Patrice lo miró con ojos entornados. Bertrand no se estaba quieto y parecía evidentemente incómodo.

– Venga ya, tío -intervino-. Esto sí que es realmente karma del malo.

– No sé qué demonios quieres decir -le dijo Patrice.

Matthew levantó un dedo.

– Ya lo averiguarás, Fly, ya lo averiguarás. Pero cuando lo hagas, ya te dará lo mismo. Te lo advierto ahora.

– ¿Intentas asustarme o qué? -quiso saber Patrice.

– Yo no puedo asustarte, pero ellos sí que lo harán. Muchacho… te asustarán a base de bien.

Patrice miró fijamente a Matthew durante casi un minuto, temeroso, sin acabar de comprender. Luego, lentamente, retrocedió entre las mesas, entre el humo de ganja y la palpitante música reggae, y Bertrand retrocedió con él.

Sólo cuando hubo llegado a la puerta dio media vuelta y le chilló a Matthew:

– Estás loco, ¿sabes? Antes eras mi héroe. ¡Y mírate ahora! ¡Más blanco que los jodidos blancos!

Matthew permaneció donde estaba y observó cómo se marchaba Patrice. Al cabo de un momento, el teniente de alcalde Kenneth Flynn salió de entre las sombras, junto a la máquina de discos, y se acercó a Matthew con las manos en los bolsillos.

– No hay nada que hacer, ¿eh? -le preguntó.

– No sé -dijo Matthew-. Quizás entre en razón.

– ¿Qué quería decir con eso que te gritaba? ¿Más blanco que los jodidos blancos?
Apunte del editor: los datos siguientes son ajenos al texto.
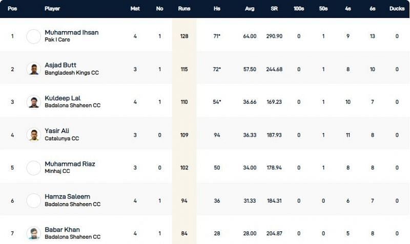 Asjad Butt of Bangladesh Kings CC occupies the second spot in the list of highest run-scorers with 115 runs to his name. He has an unbeaten 72 as his highest score. Butt has scored his runs at an excellent strike rate of 244.68 and has struck 8 fours apart from 10 hits over the rope.
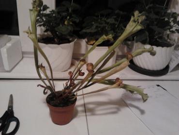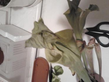Witam, mojej kapturnicy zaczęły opadać liście, daszki zaczęły się zwijać. Warunki - przedtem południowy parapet - teraz (zimowanie) północny ganek. Rośliny szoku jeśli chodzi o temp raczej nie odniosły. Obecnie temperatura utrzymuje się ok. 10*. minimalna ok. 6-7* max 14*. Co może być przyczyną? Myślałem, że przesuszenie, ale po podlaniu nie poprawiło się a już raz mi trochę przeschła. Grzyb czy co?
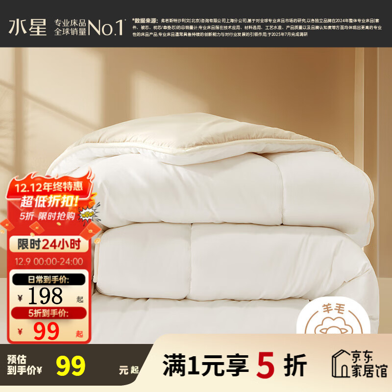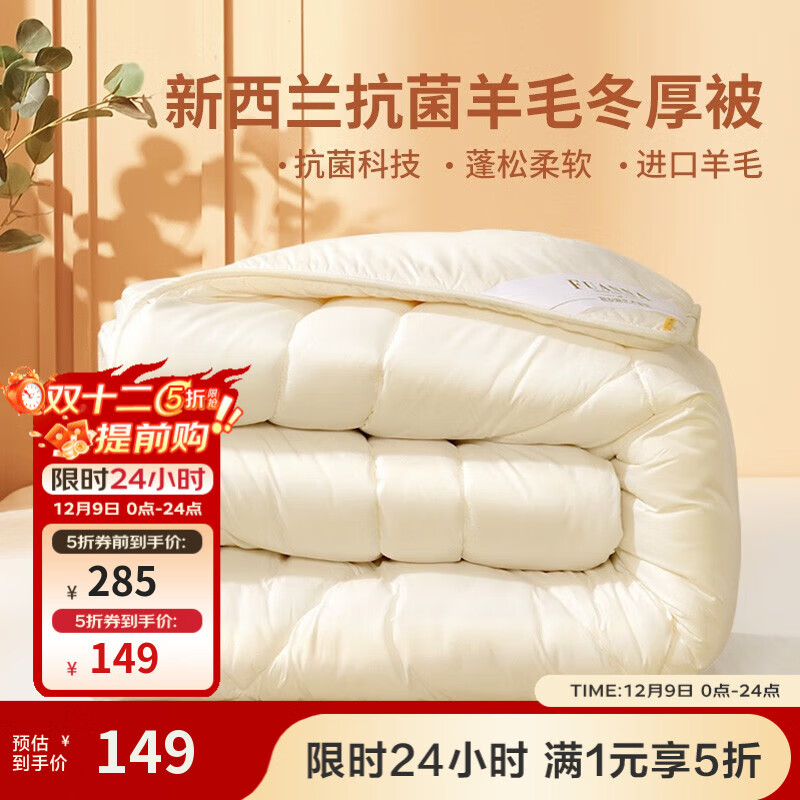 旗舰店水星家纺出品百丽丝澳洲进口羊毛被100纯羊毛被子被芯加厚保暖冬被春秋被 冬厚被【A类&100%澳洲羊毛】 双人被1.5/1.8米(被芯200*230cm)
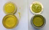 The picture is showing the bowls of result 1 in zirconium oxide (left), compared with the bowl, made of stainless steel (right). Abrasion of balls and bowl made of steel is discoloring the sample way stronger as in our result with zirconium oxide.

– Tú no eres de Tierra Santa -le dijo Matthew-. Nunca has caminado al lado de Aarón.

Dicho esto echó hacia atrás la silla y luego salió del restaurante. Kenneth se acercó al mostrador y sacó tres billetes de veinte dólares.

– No vuelvas tú solo por aquí, tío -le advirtió el dueño.

Una vez en la calle, Matthew se dirigió de nuevo hacia el Buick azul oscuro de Kenneth y subió a él; al hacerlo, la suspensión rebotó arriba y abajo. Luego se armó de paciencia y aguardó a que Kenneth lo llevara a casa.

Kenneth se detuvo un momento a la puerta del restaurante y se quedó mirando cómo ardía Roxbury; oyó a media distancia el plano traqueteo de las armas de fuego semiautomáticas y los sonidos armónicos que producían los rebotes. Por primera vez en toda su carrera política se daba cuenta de que no entendía en absoluto qué estaba ocurriendo en Boston; ni en ningún otro lugar de América. Por primera vez en su vida, Kenneth tuvo una auténtica sensación de miedo.